During the passage of the Bill we have taken the opportunity to raise certain broad matters connected with the electricity industry. In my view, this is one which is worth raising. It seems to me that, under the three "Es", as it were, of engineering, economics and the environment, the amendment, and the thinking that lies behind it, score positively on all three counts. From an engineering point of view it is a sensible action to take. It makes economic sense at least to ask about the economics of not wasting so much of the input relative to the output. Of course, there is no argument whatsoever that what is proposed is environmentally undesirable and even the two noble Lords who are not happy about the amendment have not suggested that for one moment. Indeed, quite the contrary is the case: it is environmentally desirable.

As the amendment scored positively in respect of the three criteria which are relevant here I had hoped that the noble Baroness, Lady Hooper, would rise at the beginning of the debate to say that she would accept the amendment. But, I suppose that I must he as gloomy as the noble Lord, Lord Peyton, and deduce from her silence that she may not do so.

The crux of the matter, apart from the points which have already been made, is, first, that we are discussing here the general duties of the Secretary of State and of the director general. Therefore it is quite appropriate to put this kind of matter under their general duties. Secondly, the word in the amendment is "promote". I am bound to say that I do not read that word as meaning to provide money for, or instruct, or say that you must do such things. The word "promote" means promote; in other words, to encourage this development and to ask occasionally, especially of the director general, why it is not being developed.

The industry in private hands may answer—as I think the noble Viscount, Lord Torrington, has mentioned—that it is not being developed because it is uneconomic and therefore if makes no sense to it to do so. However, it is still perfectly reasonable for the provision to be in the Bill. Moreover, it is especially reasonable in terms of these general duties and because in other parts of the Bill such words are already included.

In supporting the amendment I also hope that the remarks made by my noble friend Lord Stoddart of Swindon and those made by the noble Viscount, Lord Hanworth, are accepted; namely that we are not trying here to supplant market forces.

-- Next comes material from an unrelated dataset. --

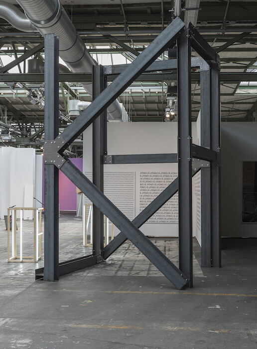 They traffic in both modesty and maximalism, as do the three “Four-letter word sculptures” (all 2015) also on view at Neu, especially Untitled (Four-letter word sculpture KARL), an uncharacteristically monumental sculpture whose steel beams, at almost five meters tall, seem, at first, part of the architecture of the fair’s renovated industrial setting. A closer look reveals that each side of the rectangular sculpture is, rather, a letter articulated in steel: K, A, R, L. It’s just the artist’s own name, made enormous. Because what else are we doing, with contemporary art, than finding ever more precise ways of representing ourselves—our experiences, our politics, our ideas, our criticality? Holmqvist shortcuts the process with a gesture that is, appropriately, as vapid as the sudden realization that art is sold for money. It works exceptionally well.
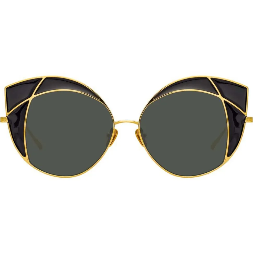 A fusion of vivid, warm hues and rich textures inspired by oriental cities, these winged cat eye Linda Farrow sunglasses pair yellow gold-plated titanium frames with dark grey lenses. The corners are accented with translucent black ‘stained glass’, evoking a feeling of understated luxury.

All of us would like to achieve this kind of development with market forces. Indeed, it makes life much easier, if the privatised industry simply does what is right. However, one's concern is that that does not always happen. As my noble friend Lord Stoddart pointed out, there are good reasons for supposing that that will not happen because of the complexity of the inter-relationship between the private and public sectors. That is why this is such an excellent amendment. I do not think that it is threatening to the concept of privatisation; it is also not threatening to any of those who believe very strongly in the doctrine of the market mechanism.

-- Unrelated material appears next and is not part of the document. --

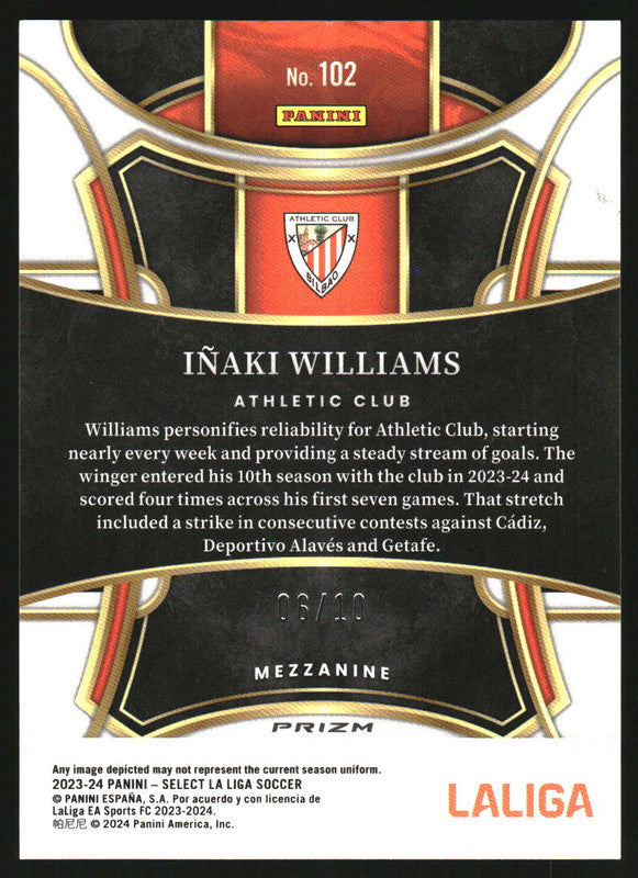 2023 Panini Select La Liga Gold Mojo Prizm #102 Inaki Williams Mezzanine /10
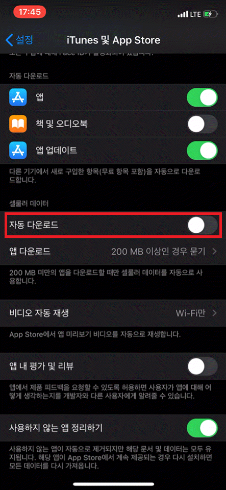 - 자동 다운로드 비활성 설정 방법 : 설정 > iTunes 및 App Store 설정 > 셀룰러 데이터 > 자동 다운로드 > 끔

En passant I must say that I simply do not understand how sex discrimination came into the discussion on this amendment. I must confess that I became a little lost at that point. If there is a sex discrimination angle to the issue, then of course I shall support the amendment even more strongly because of my opposition to sex discrimination. Perhaps, again, the noble Baroness, Lady Hooper—if she managed to derive anything from the argument —will enlighten us on the matter in her reply.

It seems to me that the noble Lord, Lord Ezra, put his finger on the key point in the matter. He referred to the 1983 Energy Act. We certainly do not want to weaken anything in connection with that legislation. He said that the Bill gives us an opportunity. It is later, on the last day of this century, that we must grasp the opportunity and I very much hope that the Government will do so.

3.45 p.m.

The Parliamentary Under-Secretary of State, Department of Energy (Baroness Hooper)

My Lords, I have considered these amendments most seriously. I hope that in responding I may follow the example of the noble Lord, Lord Ezra, and deal first with Amendments Nos. 3 and 13 and then return to what is, I believe, the main amendment.

As regards the legal drafting point raised by Amendment No. 3, there are three separate aspects of the noble Lord's amendment. The first is to replace the phrase, "in association with electricity", with the phrase; in combination with electricity, or incidentally from its generation". I appreciate that those words are used in the Energy Act 1983 and that they probably mean much the same as "in association with". But, as no doubt my noble friend Lord Peyton would agree, why use nine words to describe a process when three will do? More important, the proposed new wording would conflict with other references to combined heat and power in the Bill, notably in new Schedule 13 and in Schedule 16.

The second aspect is to leave out the words; and steam produced from and air and water heated by such heat". The point here is that a reference to heat in the abstract is not enough, since the heat is always supplied in the form of hot air or hot water. Moreover, it should be borne in mind that Section 11 of the Local Government (Miscellaneous Provisions) Act 1976 gives local authorities power to lay heat pipes in streets and uses the same wording as we have provided in the Bill.

If we take out the reference to, steam produced from and air and water heated by such heat", in Clause 11, it may be thought that the powers which can be conferred on licence holders to lay heat pipes in streets are in some way different from the powers which local authorities already have. I am sure that that is something which is not intended.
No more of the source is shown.